Recensione di Summer (Leto) il film di Kirill Serebrennikov con protagonista Teo Yoo in anteprima a Cannes e dal 15 novembre 2018 al cinema. 

la locandina italiana del film Summer (Leto)

la locandina italiana del film Summer (Leto)

Passato da Cannes e dal Milano Film Festival, senza premi ma con plausi e il titolo simbolico di “film più cantabile” delle rassegne, arriva al cinema Summer (o Leto, come da titolo originale).
Una pellicola che, perfettamente in linea con la sua natura musicale, si divide tra palco e backstage.

Il palco, quello che vediamo per primo, è un bianco e nero di gran classe che inquadra l’ascesa della rockstar Viktor (Teo Yoo) e dei suoi Kino, per molti la band più famosa ed influente della storia russa.

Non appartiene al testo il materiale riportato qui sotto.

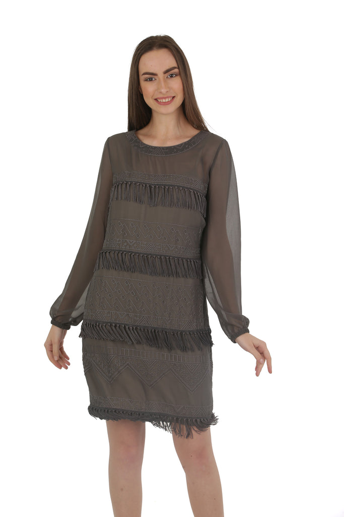 - Details: tulle, crêpe, solid color, long sleeves, round collar, buckle, beaded detailing, no pockets, lined interior, rear closure, button closing, trapeze dress

E’ la Stalingrado di inizio anni ottanta, ancora stritolata dalla censura di regime, leggermente in anticipo rispetto alla Perestroika e all’arrivo della democrazia.
Una fase di transizione politica, mentre una transizione musicale (dal punk e glam anni settanta alla new wave di inizio ottanta) accompagna Viktor, il suo mentore artistico Mike (leader degli Zoopark) e la fidanzata-musa Natasha in un intricato triangolo romantico. 

una scena del film Summer (Leto) - Photo: courtesy of I Wonder Pictures

una scena del film Summer (Leto) – Photo: courtesy of I Wonder Pictures

Quello di Leto è sentimento, sì, ma mai banale e mai schedato, anch’esso transitorio e mutevole, in cui l’ascolto di un side-A vale quanto un amplesso.

Poi, nel “backstage”, l’impegnato regista Kirill Serebrennikov (agli arresti domiciliari) è bravissimo a raccontare fra le righe le tensioni, le limitazioni e i sogni di vita e arte, a tappezzare gli ambienti delle sacre immagini anglofone (Bowie, Lou Reed, Iggy Pop, Marc Bolan), ascolti clandestini e distanti per la gioventù della Stalingrado sotterranea.

E a salvarci dal melodramma, dal pietismo e dalle invettive politiche: anzi, quello che resta negli occhi e nelle orecchie è il tumultuoso impeto artistico, espressivo ed emotivo dei protagonisti, che trascina al sing-along anche il critico notoriamente ingessato.

una scena del film Summer (Leto) - Photo: courtesy of I Wonder Pictures

una scena del film Summer (Leto) – Photo: courtesy of I Wonder Pictures

Il contesto sociopolitico e le vicissitudini dei due iconici musicisti sovietici (entrambi scomparsi in giovane età, come da copione rock) sono faccende che vanno infatti principalmente a toccare nervi e viscere della Russia; ma l’intensità di Leto conquista tutti, un romance incendiario e pieno di inni che non disdegna soluzioni da musical fumettoso e narratori che guardando in camera ti dicono che “questo è successo davvero”.

Summer (Leto) invita in uno spaccato storico e artistico interessante e cruciale, facendo presente che non servono per forza gesti eclatanti per fare la storia e la resistenza: infatti come dice Viktor alla sua impossibile metà nella chiusura amarognola “tenersi la mano è la cosa più pericolosa di tutte”.